» **Work order**:
Print every entry exactly as it appears, but skip the pictures.

(Beginning of Records shown)

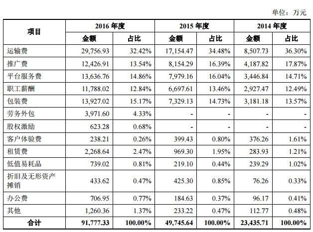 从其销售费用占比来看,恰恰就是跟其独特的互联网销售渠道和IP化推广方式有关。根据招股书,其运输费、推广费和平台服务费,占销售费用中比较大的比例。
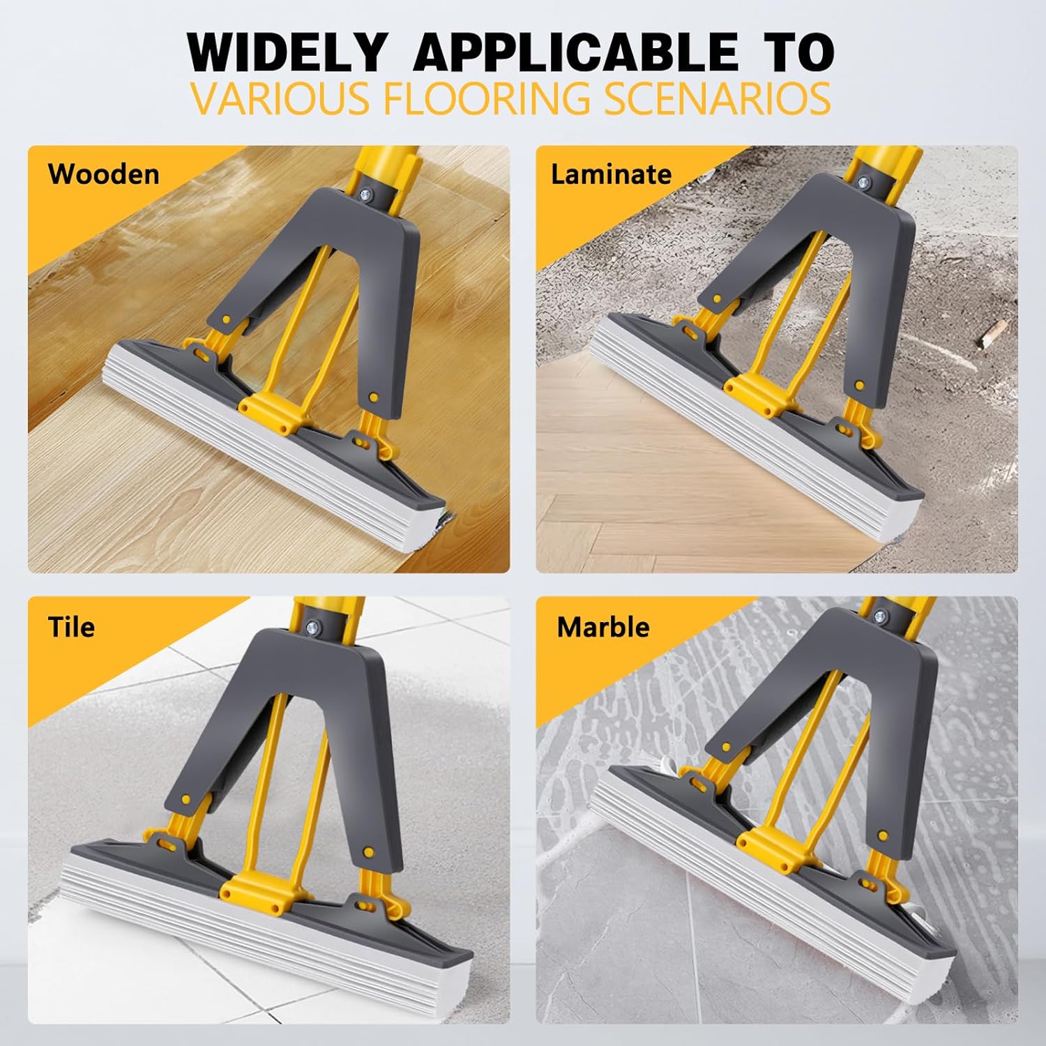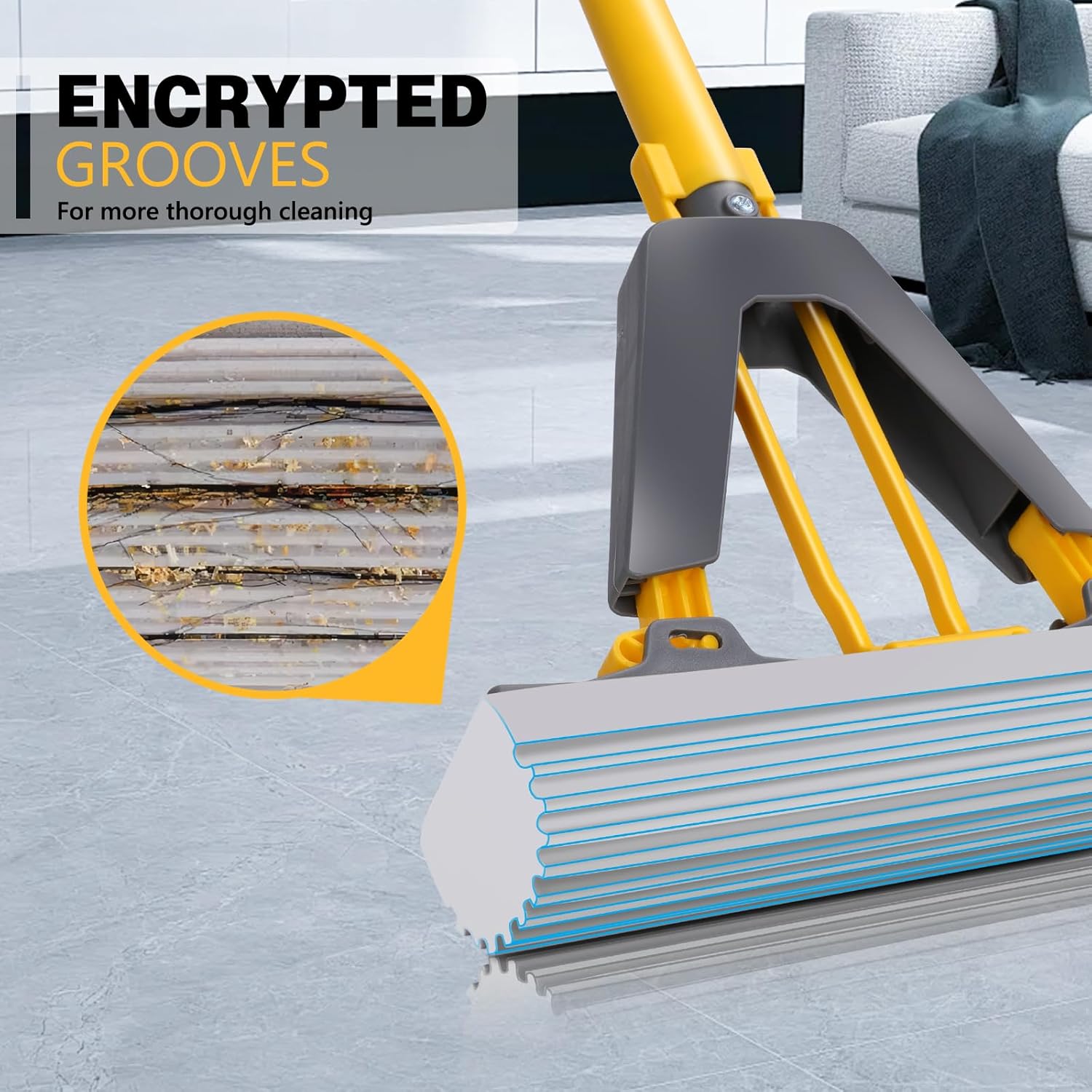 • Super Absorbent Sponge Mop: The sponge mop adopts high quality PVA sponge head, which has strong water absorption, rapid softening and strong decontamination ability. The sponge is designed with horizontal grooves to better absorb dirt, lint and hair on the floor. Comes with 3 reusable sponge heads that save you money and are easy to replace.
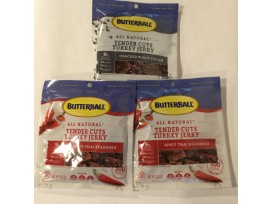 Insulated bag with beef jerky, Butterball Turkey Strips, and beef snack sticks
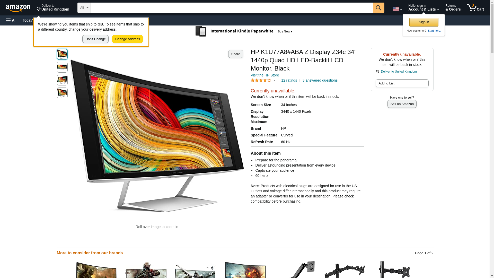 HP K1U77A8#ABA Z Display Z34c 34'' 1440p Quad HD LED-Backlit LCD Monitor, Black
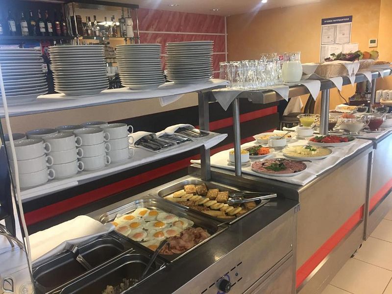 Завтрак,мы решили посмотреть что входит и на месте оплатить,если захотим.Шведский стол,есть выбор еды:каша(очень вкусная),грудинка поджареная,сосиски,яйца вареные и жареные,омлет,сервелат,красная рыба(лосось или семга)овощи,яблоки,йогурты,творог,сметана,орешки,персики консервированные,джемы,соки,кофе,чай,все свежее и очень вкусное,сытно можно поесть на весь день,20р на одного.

(End of Records shown)

» **Solution to this problem**:
 从其销售费用占比来看,恰恰就是跟其独特的互联网销售渠道和IP化推广方式有关。根据招股书,其运输费、推广费和平台服务费,占销售费用中比较大的比例。
 • Super Absorbent Sponge Mop: The sponge mop adopts high quality PVA sponge head, which has strong water absorption, rapid softening and strong decontamination ability. The sponge is designed with horizontal grooves to better absorb dirt, lint and hair on the floor. Comes with 3 reusable sponge heads that save you money and are easy to replace.
 Insulated bag with beef jerky, Butterball Turkey Strips, and beef snack sticks
 HP K1U77A8#ABA Z Display Z34c 34'' 1440p Quad HD LED-Backlit LCD Monitor, Black
 Завтрак,мы решили посмотреть что входит и на месте оплатить,если захотим.Шведский стол,есть выбор еды:каша(очень вкусная),грудинка поджареная,сосиски,яйца вареные и жареные,омлет,сервелат,красная рыба(лосось или семга)овощи,яблоки,йогурты,творог,сметана,орешки,персики консервированные,джемы,соки,кофе,чай,все свежее и очень вкусное,сытно можно поесть на весь день,20р на одного.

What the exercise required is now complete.